[Opening Source material section]

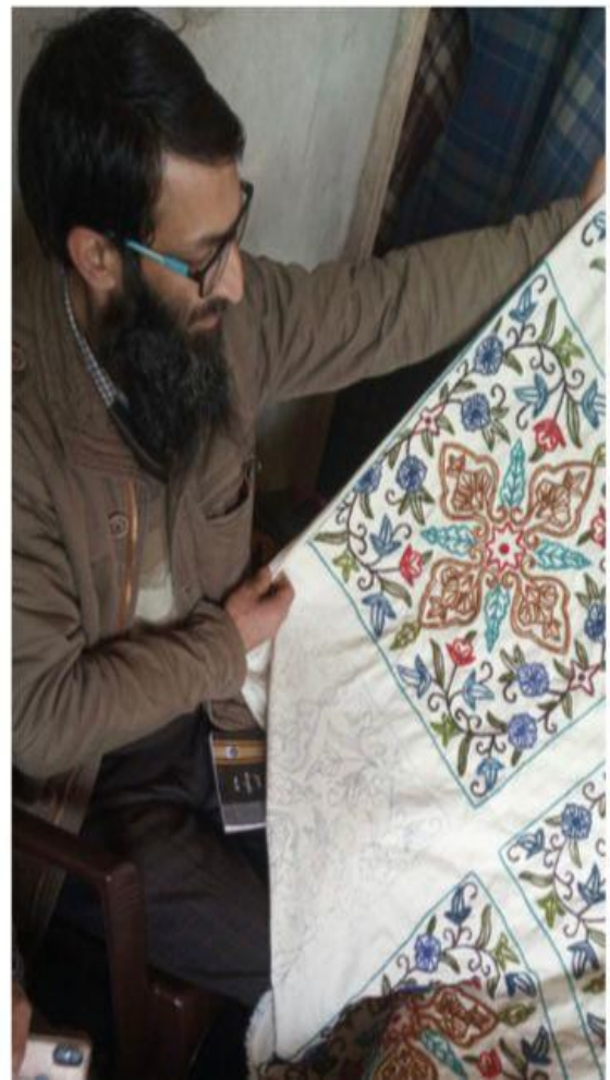
OTHER CREWEL PRODUCTS LIKE SLING, BAGS, POUCHES, TABLE COVERS ETC
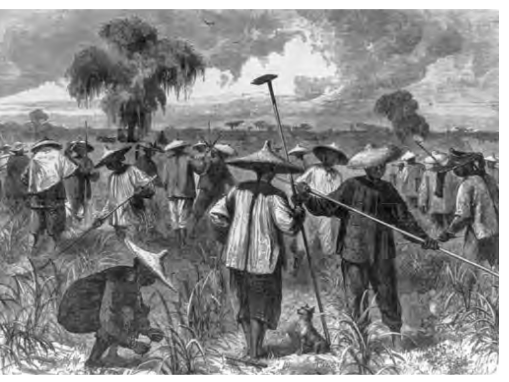
Chinese laborers at work on the Milloudon Sugar Plantation in Louisiana. Woodblock print by Alfred Waud; published in Every Saturday, July 29, 1871. Courtesy of the Library of Congress.

Labor recruiters procured Hawaiians to work in Peru, where many of them perished from diseases and unforgiving work conditions. Over a two-year period beginning in 1845, nearly 2,000 Hawaiians served on foreign ships, and by 1850 that total reached 4,000, or almost one-fifth of the Hawaiian kingdom's population of adult males. To benefit from that labor migration and limit the loss, the kingdom imposed a poll tax on foreign employers of Hawaiians who, by mid-century, were toiling on ships and on land from Tahiti and Peru to the south to the Pacific Northwest and Alaska to the north. Hawaiians served in the Mexican navy and worked on Russian holdings along the west coast. By 1830, Hawaiians comprised the majority of the crewmembers on U.S. ships on the west coast, and they were also found in the Atlantic and its port cities.
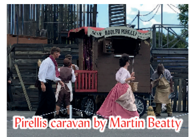
Pirellis caravan
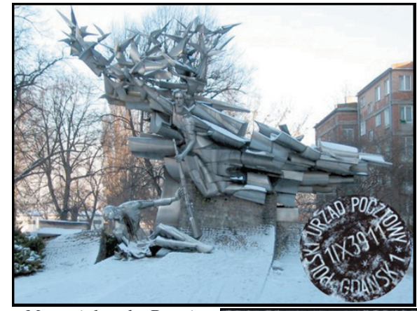
Memorial to the Danzig postal workers and 1979 stamp picturing the Memorial, Sc. 2354

mailmen and postal employees with two commemorative stamps: one in 1946 (left), and the second in 1958 (right).
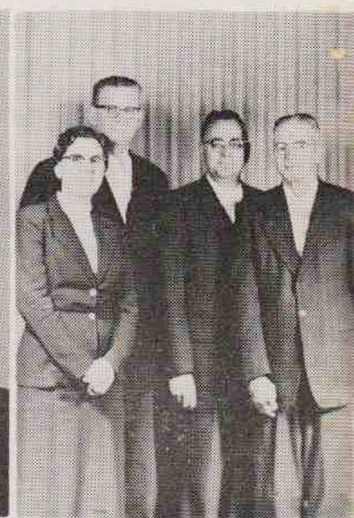
West Virginia Quartette SINGERS

Soul-Stirring Messages - Anointed Singing - Good Meals
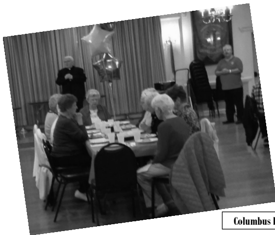
Columbus Day Dinner

As most of you already know, my wife and I will be spending some of this winter in "nicer" weather, but I will be looking forward to our return to "Joisey" and meeting once again with all of you Brothers.
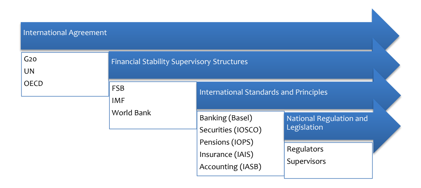
Figure 2: The Global Regulation Process
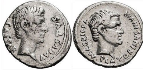
Fig. 10. Augustus and Agrippa, denarius , Rome, 13 BC. Obv.: bare head of Augustus right, rev.: M AGRIPPA PLATORIN[VS IIIIVIR], bare head of Agrippa right (RIC 408; BMC 114; RCV 1726).
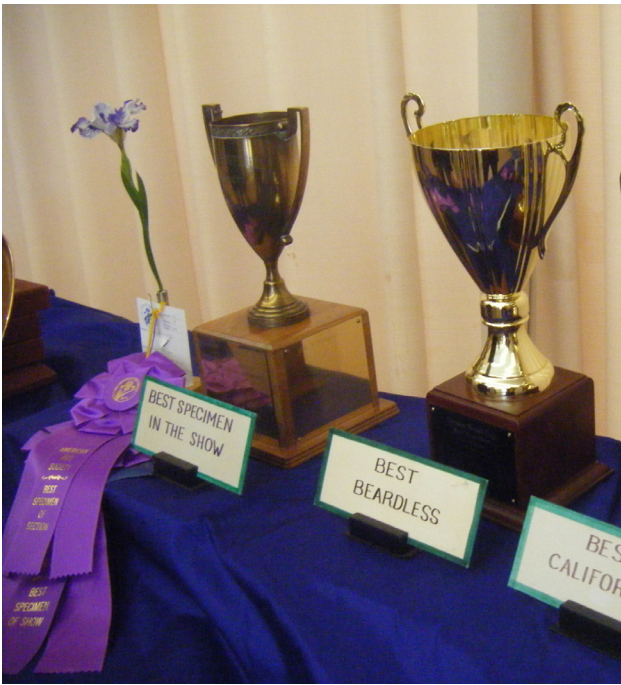
above: Trophies at last year's show
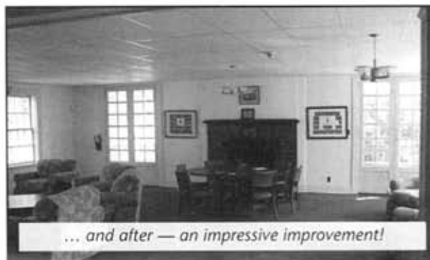
... and after — an impressive improvement!

[Closing Source material section]

- **What you will do**
Among the entries above, identify all lines with "postal" and copy them.

- **Solution**
Memorial to the Danzig postal workers and 1979 stamp picturing the Memorial, Sc. 2354
mailmen and postal employees with two commemorative stamps: one in 1946 (left), and the second in 1958 (right).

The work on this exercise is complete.